------ Information given

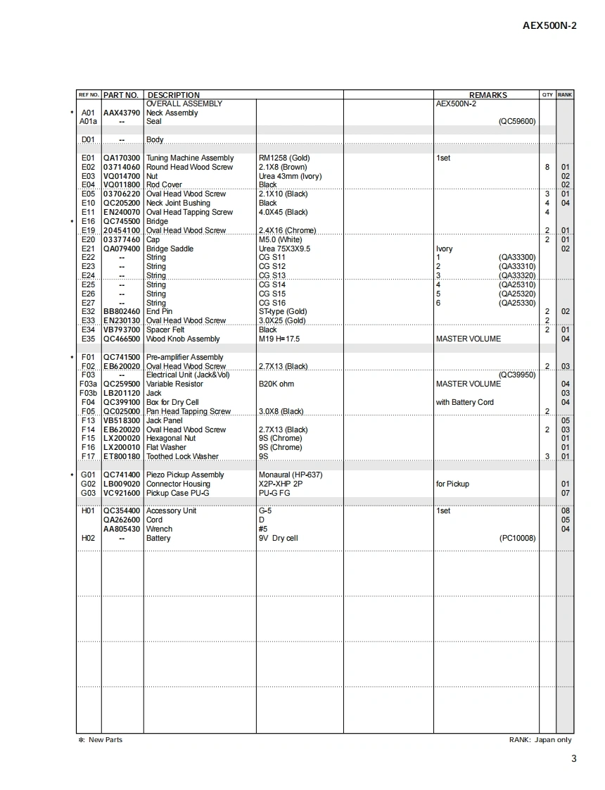 雅马哈Yamaha_AEX500N-2_Service_Manual维修手册含电器原理图找手册网23天前发布关注私信0.35MB8页049雅马哈Yamaha_AEX500N-2_Service_Manual维修手册含电器原理图此内容为付费资源,请付费后查看¥19¥21黄金会员免费钻石会员免费登录购买付费资源 第1页 / 共8页 第2页 / 共8页 第3页 / 共8页 第4页 / 共8页 第5页 / 共8页 第6页 / 共8页 第7页 / 共8页 第8页 / 共8页 已完成全部阅读,共8页 THE END雅马哈 文本预览 ELECTRIC GUITARAEX500N-2SERVICE MANUALAEX500N-2(NT)■CONTENTSOVERALL ASSEMBLY2AMPLIFIER ASSEMBLYELECTRICAL PARTSCIRCUIT BOARD6CIRCUIT DIAGRAMWIRINGSPECIFICATIONS8EG011657YAMAHAHAMAMATSU.JAPANCopyright(c)Yamaha Corporation.All rights reserved.PDF-K501 FT:'02.11 查看更多 收起部分 喜欢就支持一下吧收藏
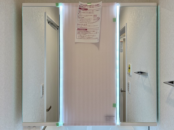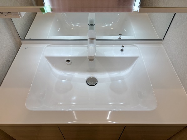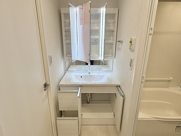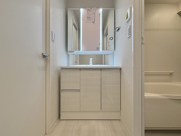 パウダールームはこちら。柔らかい光でリラックスタイムを演出するバスルームと、お化粧や身だしなみチェックの際に役立つツインラインLEDを備えた洗面化粧台がありました。スタイリッシュさだけでなく、機能面も申し分ないパウダールームです!
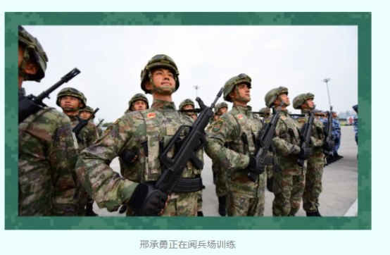 当时邢承勇的新兵营班长曾两次受阅,听着班长的故事,邢承勇深刻感受到了“受阅”的光荣感和自豪感。“有一次在跟班长聊天,班长说想让我跟他以后一起参阅,我想也没想就说了好,结果亲切和蔼的班长就突然转变画风,开始拉着我疯狂训练……”在班长的带领和督促下,邢承勇积极调整心态,逐渐跟上了军营节奏。
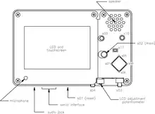 - Small 320 x 200 pixel LCD touchscreen for display and user input
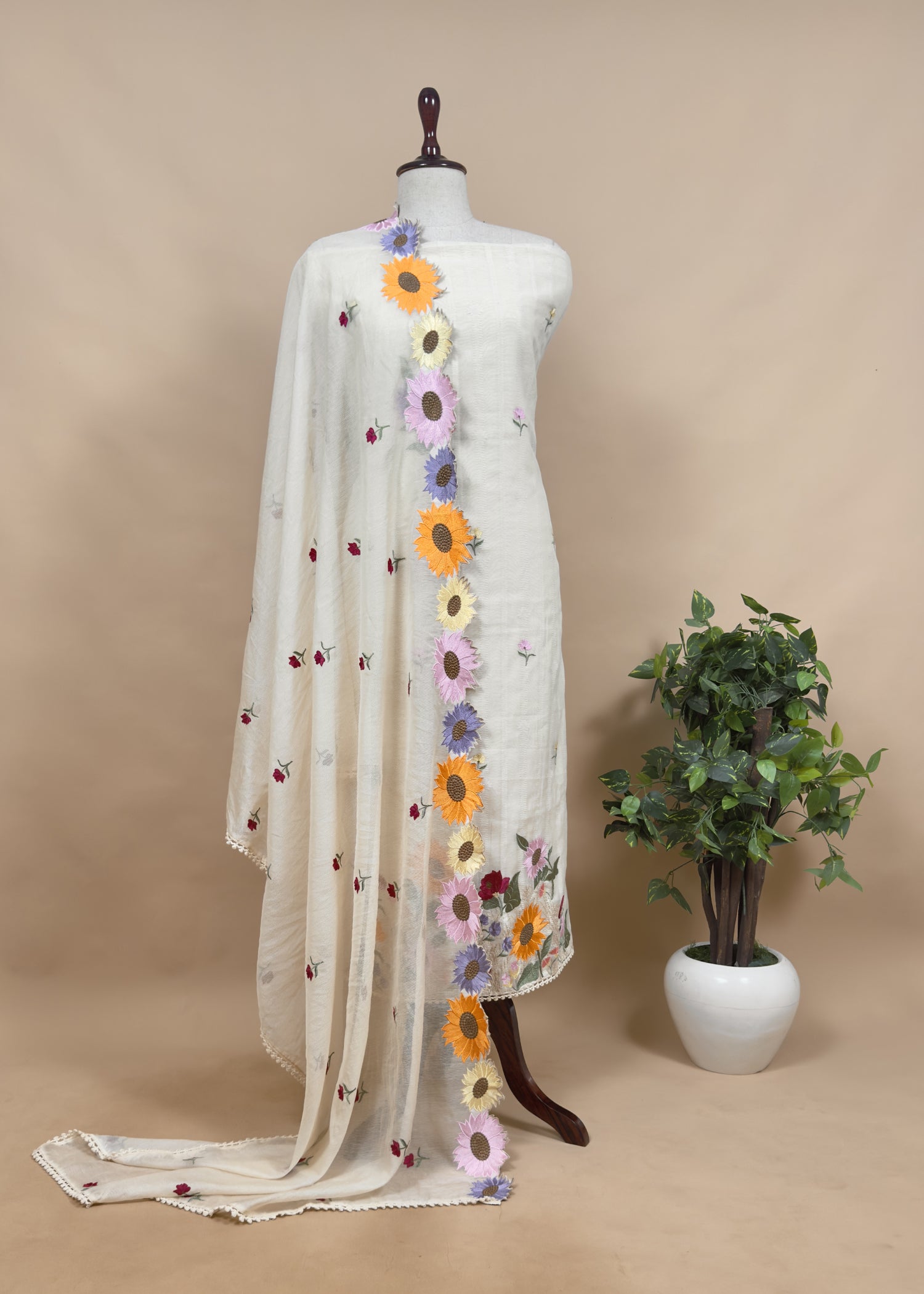 Off-White Embroidered Cotton Suit And Kota Dupatta With Patchwork
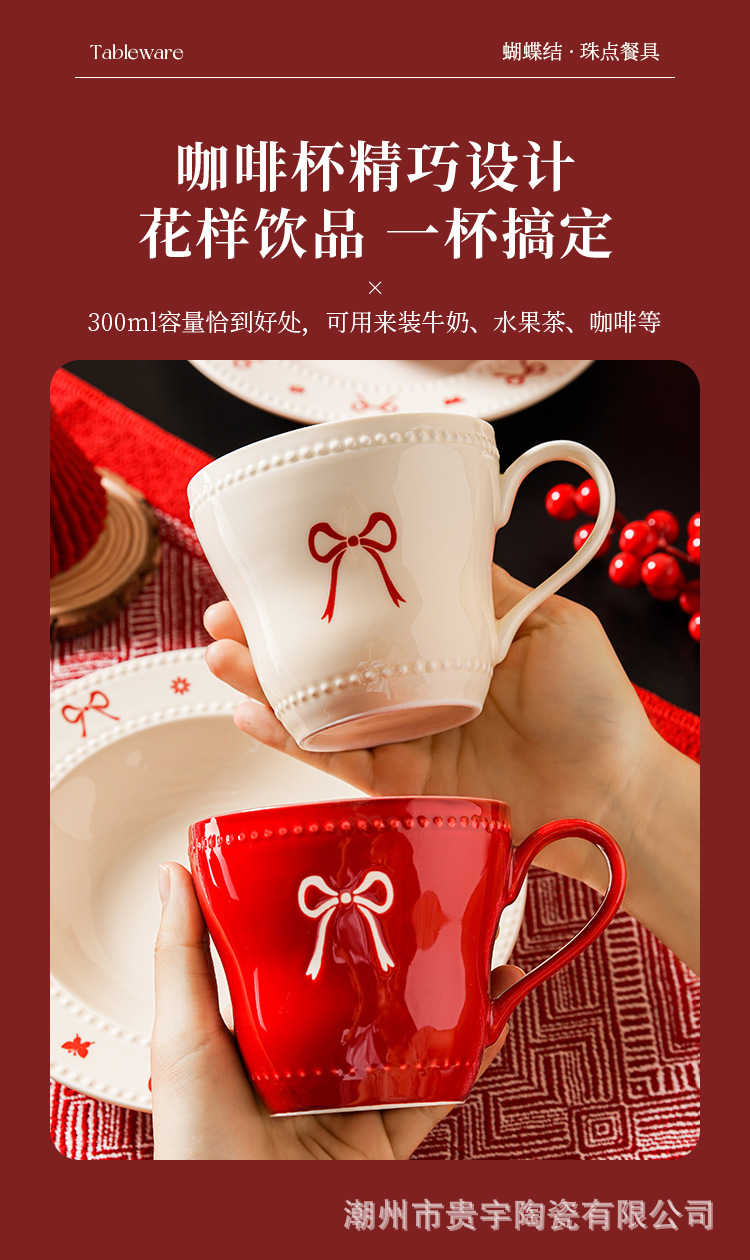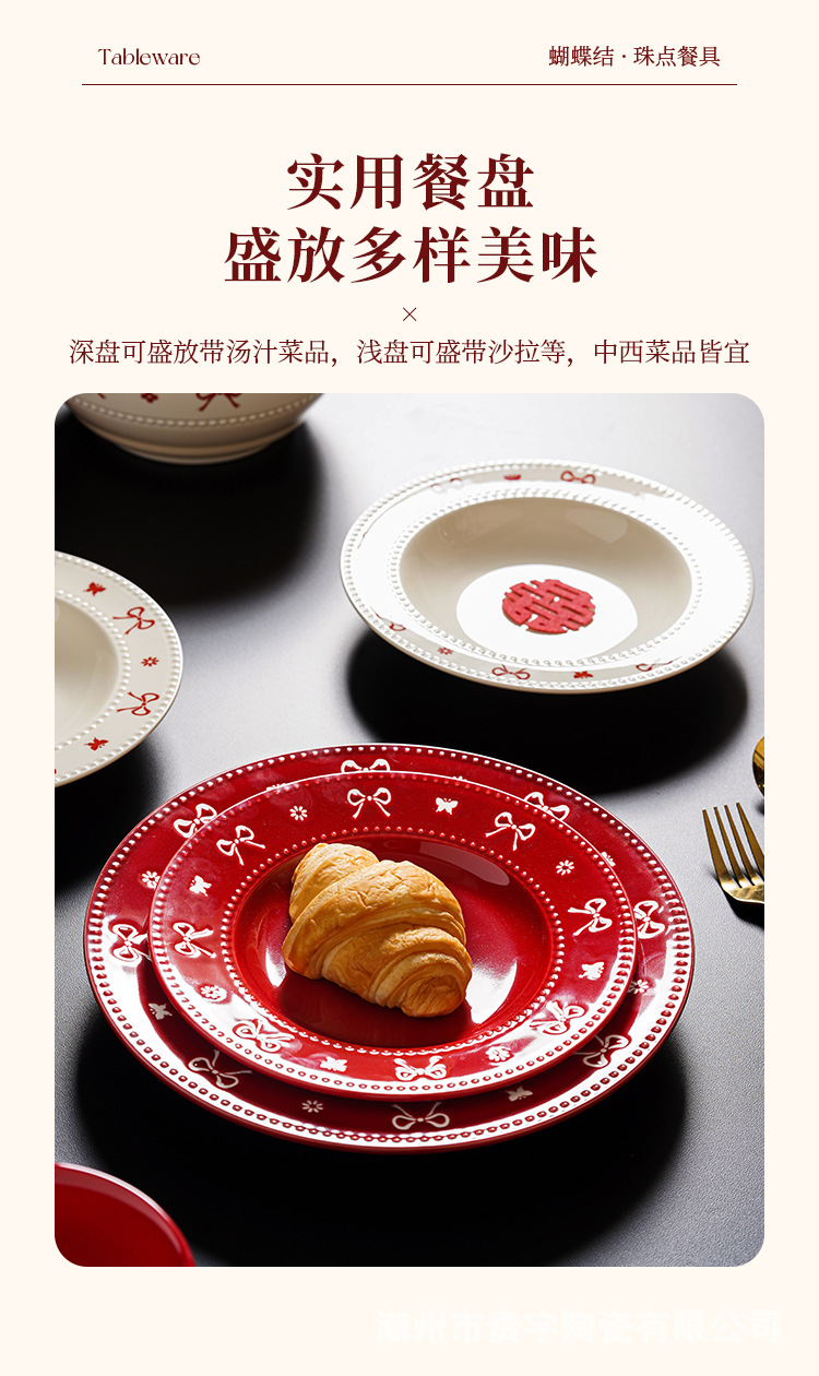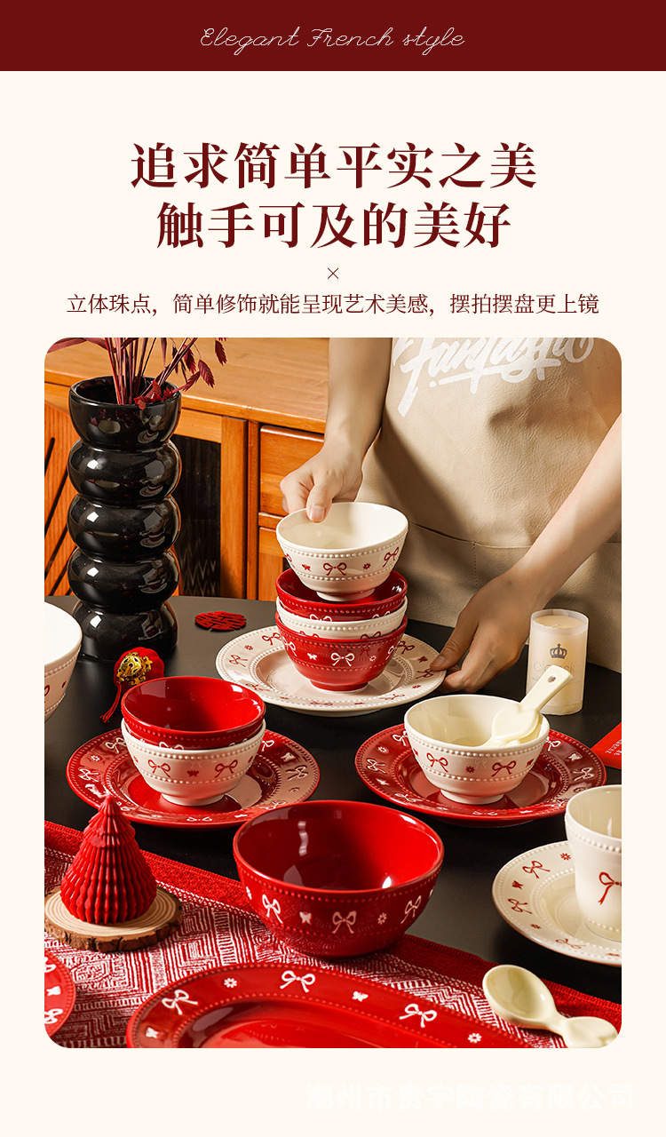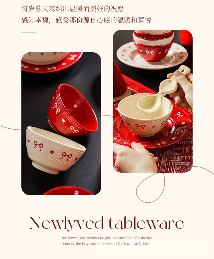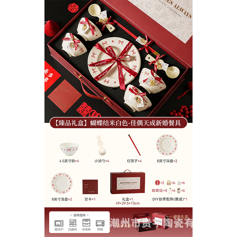 [zhenpin gift box] bowknot red-happy reunion bowl saucers 10-piece set
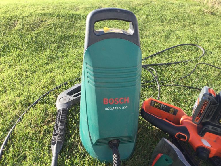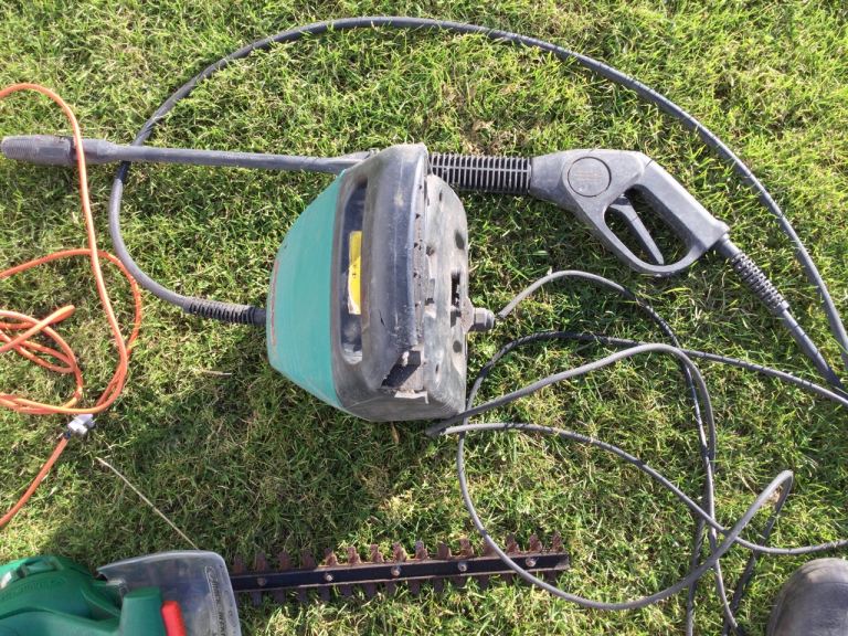 Some diy tools that have not been used for some time but all operable. Chainsaw may need replacement battery. Power washer, hedge trimmer and small chainsaw.
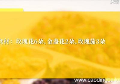 步骤1所需食材:玫瑰花6朵,金盏花2朵,玫瑰茄3朵 。步骤2将材料放入过滤杯中 。【金盏玫瑰茄茶怎么做 金盏玫瑰茄茶的制作方法】步骤3倒入开水冲洗 。步骤4洗好的材料放入茶杯中 。步骤5倒入开水 。步骤6浸泡5分钟即可 。...
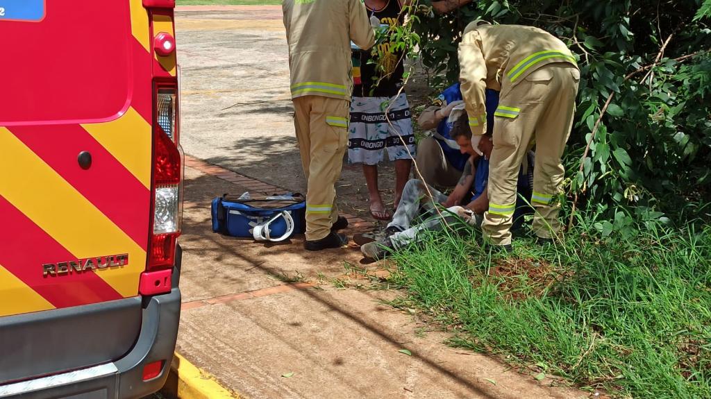 O corpo de bombeiro foi acionado e socorreu o ciclista com escoriações pelo corpo, uma luxação na cabeça e uma suspeita de fratura na clavícula direita, ele foi conduziu para UPA para atendimento hospitalar.
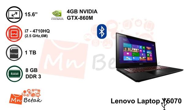 Lenovo Y5070 (i7-4710U - 8GB - 15.6" ,4GB nVidia GTX 860M, 1 TB) لاب توب لينوفو - MnBetak.com
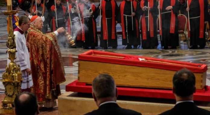Ολοκληρώθηκε η τελετή μεταφοράς του σκηνώματος του εκλιπόντα πάπα Φραγκίσκου, από τον ξενώνα της Αγίας Μάρθας, στο εσωτερικό της Βασιλικής του Αγίου Πέτρου. Το φέρετρο είναι ανοικτό και μεταφέρθηκε από τους «σεντιάρι». Πρόκειται για μη κληρικούς, οι οποίοι τίθενται στις υπηρεσίες του εκάστοτε ποντίφικα. Η πομπή, πέρασε πρώτα από τον εξωτερικό χώρο της πλατείας του Αγίου Πέτρου, όπου οι συγκεντρωμένοι προσκυνητές χειροκρότησαν, με εμφανή συγκίνηση.
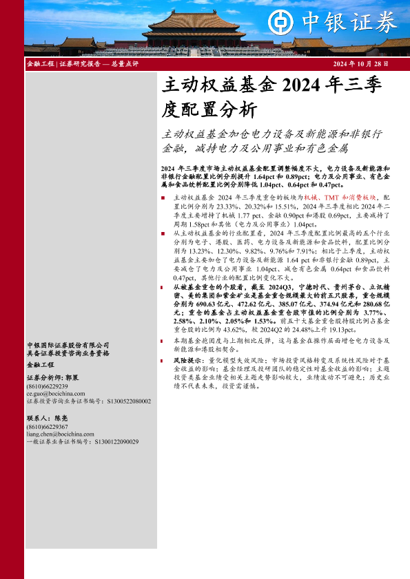 【中银证券】【20241028】主动权益基金2024年三季度配置分析:主动权益基金加仓电力设备及新能源和非银行金融,减持电力及公用事业和有色金属-14页
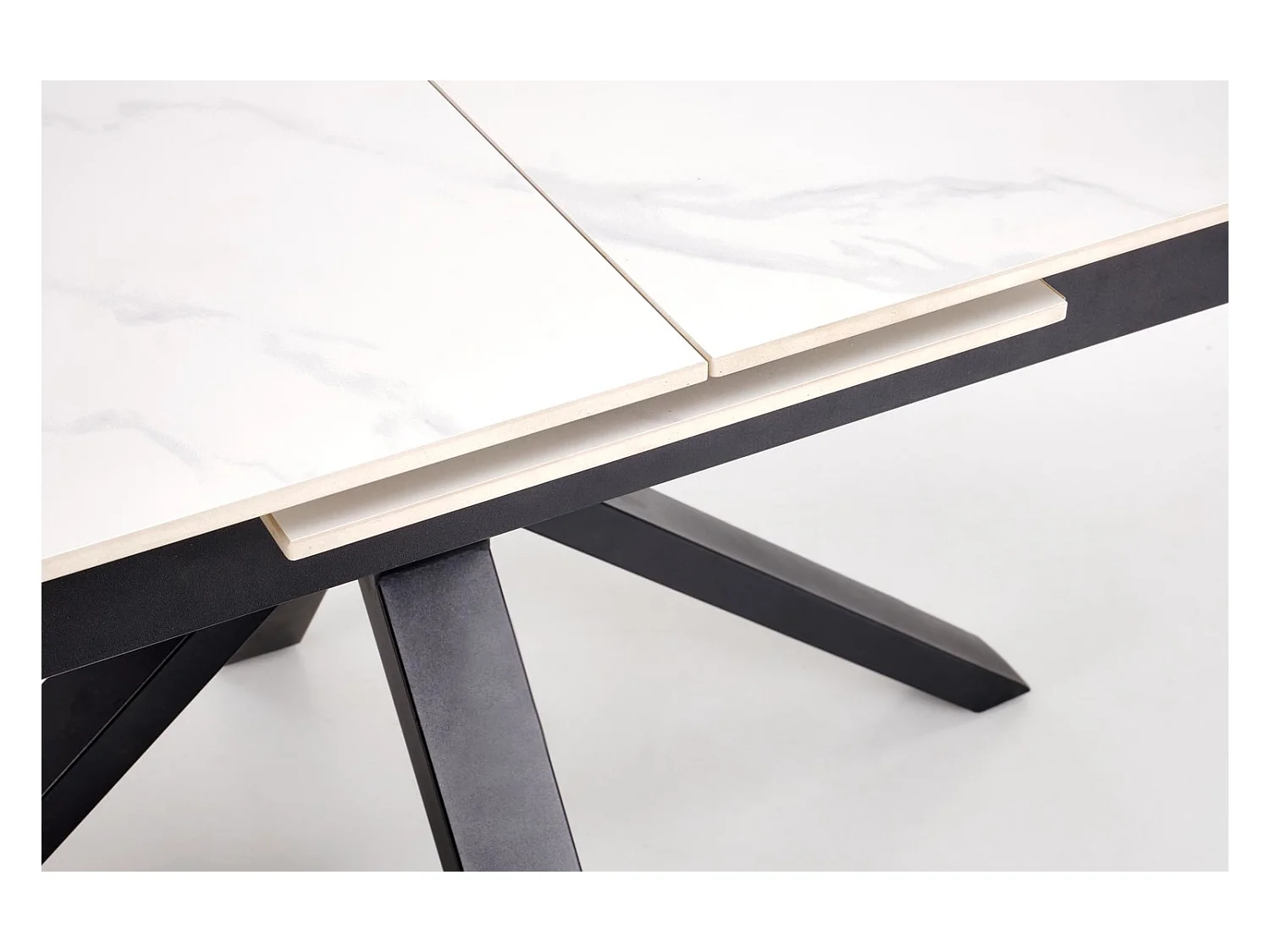 Table en céramique noire, piètement en métal noir, extensible 120x88-180x88 - BONIFACIO
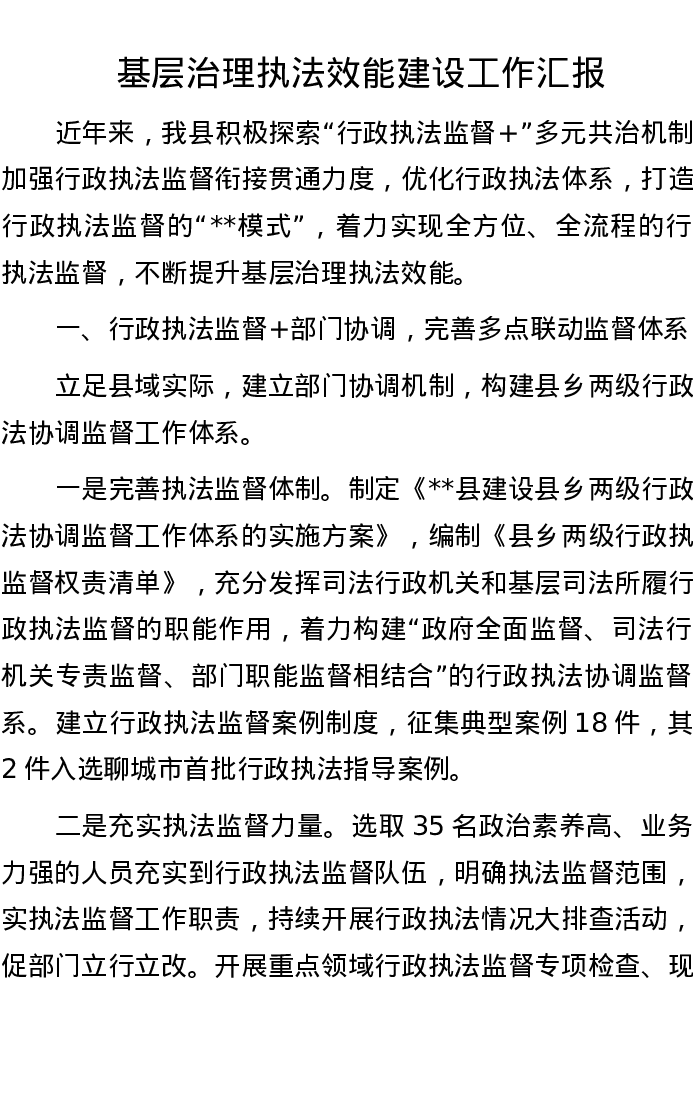 基层治理执法效能建设工作汇报

------------

**What is being asked:** With the images left out, set down every entry exactly.

**Task response:**
 雅马哈Yamaha_AEX500N-2_Service_Manual维修手册含电器原理图找手册网23天前发布关注私信0.35MB8页049雅马哈Yamaha_AEX500N-2_Service_Manual维修手册含电器原理图此内容为付费资源,请付费后查看¥19¥21黄金会员免费钻石会员免费登录购买付费资源 第1页 / 共8页 第2页 / 共8页 第3页 / 共8页 第4页 / 共8页 第5页 / 共8页 第6页 / 共8页 第7页 / 共8页 第8页 / 共8页 已完成全部阅读,共8页 THE END雅马哈 文本预览 ELECTRIC GUITARAEX500N-2SERVICE MANUALAEX500N-2(NT)■CONTENTSOVERALL ASSEMBLY2AMPLIFIER ASSEMBLYELECTRICAL PARTSCIRCUIT BOARD6CIRCUIT DIAGRAMWIRINGSPECIFICATIONS8EG011657YAMAHAHAMAMATSU.JAPANCopyright(c)Yamaha Corporation.All rights reserved.PDF-K501 FT:'02.11 查看更多 收起部分 喜欢就支持一下吧收藏
 パウダールームはこちら。柔らかい光でリラックスタイムを演出するバスルームと、お化粧や身だしなみチェックの際に役立つツインラインLEDを備えた洗面化粧台がありました。スタイリッシュさだけでなく、機能面も申し分ないパウダールームです!
 当时邢承勇的新兵营班长曾两次受阅,听着班长的故事,邢承勇深刻感受到了“受阅”的光荣感和自豪感。“有一次在跟班长聊天,班长说想让我跟他以后一起参阅,我想也没想就说了好,结果亲切和蔼的班长就突然转变画风,开始拉着我疯狂训练……”在班长的带领和督促下,邢承勇积极调整心态,逐渐跟上了军营节奏。
 - Small 320 x 200 pixel LCD touchscreen for display and user input
 Off-White Embroidered Cotton Suit And Kota Dupatta With Patchwork
 [zhenpin gift box] bowknot red-happy reunion bowl saucers 10-piece set
 Some diy tools that have not been used for some time but all operable. Chainsaw may need replacement battery. Power washer, hedge trimmer and small chainsaw.
 步骤1所需食材:玫瑰花6朵,金盏花2朵,玫瑰茄3朵 。步骤2将材料放入过滤杯中 。【金盏玫瑰茄茶怎么做 金盏玫瑰茄茶的制作方法】步骤3倒入开水冲洗 。步骤4洗好的材料放入茶杯中 。步骤5倒入开水 。步骤6浸泡5分钟即可 。...
 O corpo de bombeiro foi acionado e socorreu o ciclista com escoriações pelo corpo, uma luxação na cabeça e uma suspeita de fratura na clavícula direita, ele foi conduziu para UPA para atendimento hospitalar.
 Lenovo Y5070 (i7-4710U - 8GB - 15.6" ,4GB nVidia GTX 860M, 1 TB) لاب توب لينوفو - MnBetak.com
Ολοκληρώθηκε η τελετή μεταφοράς του σκηνώματος του εκλιπόντα πάπα Φραγκίσκου, από τον ξενώνα της Αγίας Μάρθας, στο εσωτερικό της Βασιλικής του Αγίου Πέτρου. Το φέρετρο είναι ανοικτό και μεταφέρθηκε από τους «σεντιάρι». Πρόκειται για μη κληρικούς, οι οποίοι τίθενται στις υπηρεσίες του εκάστοτε ποντίφικα. Η πομπή, πέρασε πρώτα από τον εξωτερικό χώρο της πλατείας του Αγίου Πέτρου, όπου οι συγκεντρωμένοι προσκυνητές χειροκρότησαν, με εμφανή συγκίνηση.
 【中银证券】【20241028】主动权益基金2024年三季度配置分析:主动权益基金加仓电力设备及新能源和非银行金融,减持电力及公用事业和有色金属-14页
 Table en céramique noire, piètement en métal noir, extensible 120x88-180x88 - BONIFACIO
 基层治理执法效能建设工作汇报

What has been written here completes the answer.